Но обратимся к прерванному нами рассказу о жизни старца Даниила, извиняясь перед читателем в слишком пространном уклонении от этого рассказа. Отпущенный, за неспособностью к работе, на волю (на пропитание), он ни о чем уже не думал, кроме спасения души своей. Поселился он близ города Ачинска в деревне Зерцалах. Там была и келия его, «подобно гробу, выкопанному в земле, ширины — вершков двенадцать, вышины и длины — в его рост, а окошечко на восток самое маленькое». Пища его была хлеб, и то больше гнилой, да еще иногда картофель; одежда, по рассказам очевидцев, такая, что «если б бросить на улице, то никто бы не поднял». Молитва его была беспрестанная и духовная; он весьма любил молчание и даже нужное говорил кратко и мало и более притчами, «а разговоров мирских, политических и исторических даже отнюдь не терпел». Чтобы дать понятие о его подвижнической жизни, достаточно сказать, что пред вкушением пищи он под пояс себе забивал деревянный клин, чтобы менее съесть. Незадолго перед смертью он снял с себя вериги, и на вопрос, почему он это сделал, отвечал, что они не стали уже ему приносить пользы, потому что тело его так привыкло к ним, что не чувствует ни тяжести, ни боли. Замечательно высказанное при этом следующее воззрение на подвижническую жизнь: «тогда только полезна вещь, или подвиг, или добродетель для души, когда они наносят скорбь или обуздание телу… Пусть лучше говорят, что
Даниил ныне уже разленился и вериги с себя скинул: это будет для меня полезнее…» Нестяжание его было совершенное; милостыни не подавал и не принимал, работал безмездно, к бедным ходил жать и косить, но преимущественно в ночное время, чтобы никто не мог его видеть. От постоянного молитвенного стояния на коленах его наросли струпы бугром, и под ними завелись черви.Подобных явлений, свидетельствующих о несомненной энергии духа, найдется чрезвычайно много в рассматриваемом сочинении. Судя по этим образцам, нельзя не думать, что эта энергия, эта неподкупность воли глубоко гнездится в самых недрах народного духа и обещает в будущем великие и бесчисленные последствия. И в самом деле, не один о. Парфений свидетельствует об этих подвигах, совершенных во имя долга, по крайнему разумению понятого, но и прочие духовные писатели наши нередко упоминают об них.
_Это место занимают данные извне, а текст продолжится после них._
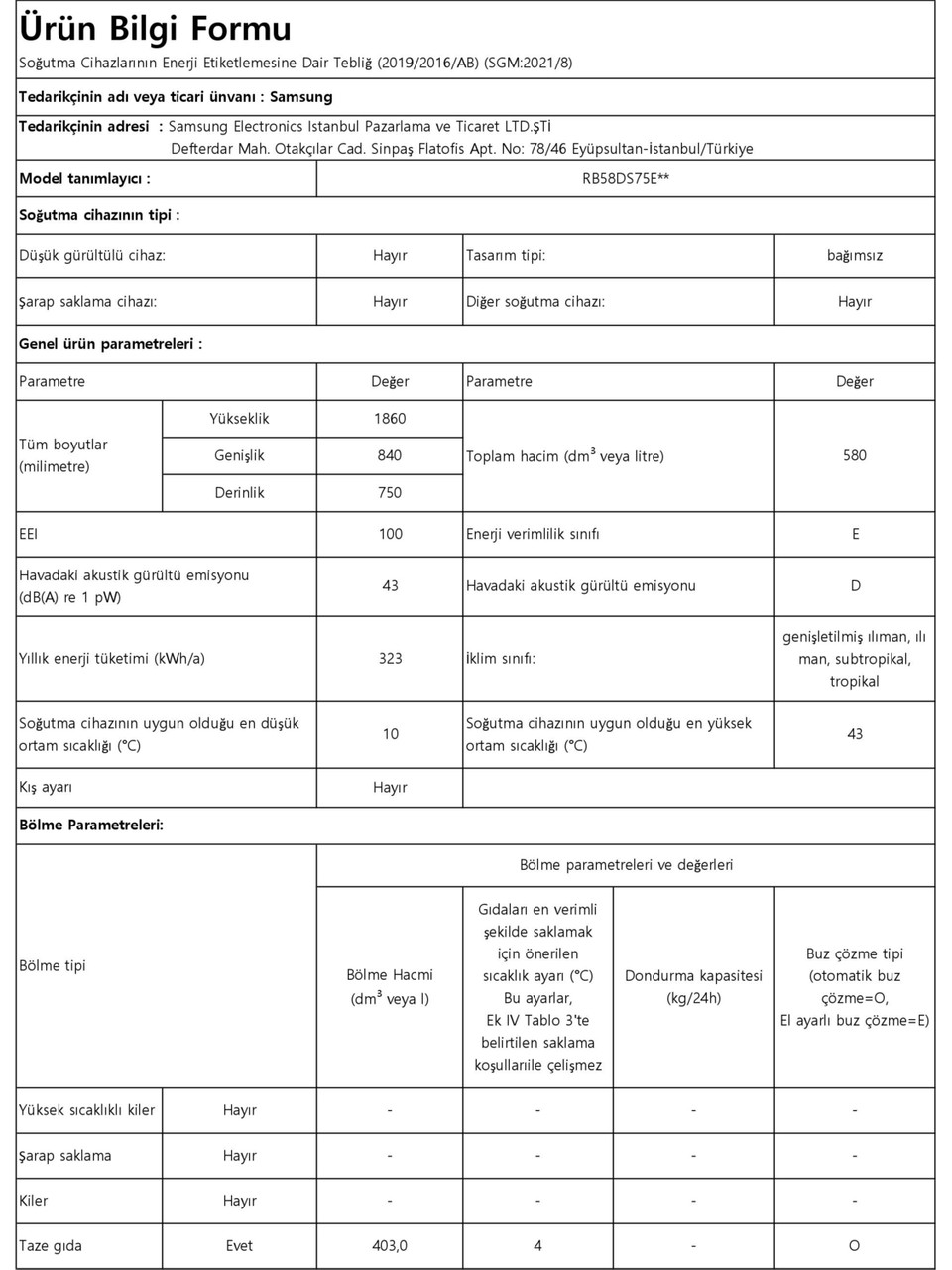 | Soğutucu (Litre) | 403 l |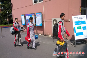 8:15分,距离正式比赛仅剩下15分钟的时间,由于是第一次参加如此重大的赛事,并且首发上场,刘春杉刘迪两人不免有些紧张,领队王顺老师看见眉头紧锁的刘迪连忙鼓励他不要紧张,只要用一颗平常心来对待比赛,将自己的水平正常发挥出来就是一种成功。随后,王老师不忘提醒两组同学整理好工具,勇敢地迎接挑战!
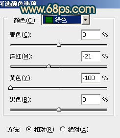 2、创建可选颜色调整图层,对红、黄、绿进行调整,参数设置如图2 - 4,效果如图5。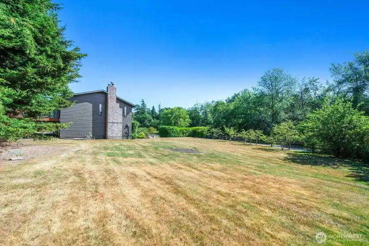 Set on a sunny 0.5-acre corner lot, this spacious 4-bedroom, 2-bathroom home offers 2,000 sq ft of comfortable living with a light-filled, open floor plan. The main level features a bright living room and kitchen, while the lower level includes a large family room—each with its own cozy fireplace. A west-facing deck is ideal for afternoon sun and summer gatherings. The expansive yard is a gardener’s dream with established fruit trees and all-day sun. Located in a peaceful, well-loved area with easy access to Raab's Lagoon Beach and Park, Dockton Park Trails, and the Golf & Swim Club—Whether you're entertaining, exploring, or simply enjoying the setting, this home has it all.

Нет сомнения, что понятие о подвиге жизни подвержено многим видоизменениям, что оно может приобрести характер более или менее истинный и более или менее ложный, смотря по степени разумения и нравственного совершенства каждой отдельной личности, тем не менее достоверно, что стремление сделать из жизни нечто равносильное подвигу составляет одну из симпатических черт русского человека. Возьмем эту черту в самом ее преувеличенном, искаженном проявлении — учении раскольнической секты странниковили скитальцев— и тут невольно останавливается внимание на этой бесконечной готовности перенесть все возможные бедствия во имя известного нравственного принципа, в существе своем ложного, но поражающего наблюдателя своею суровостью, не допускающею никаких уступок и соглашений.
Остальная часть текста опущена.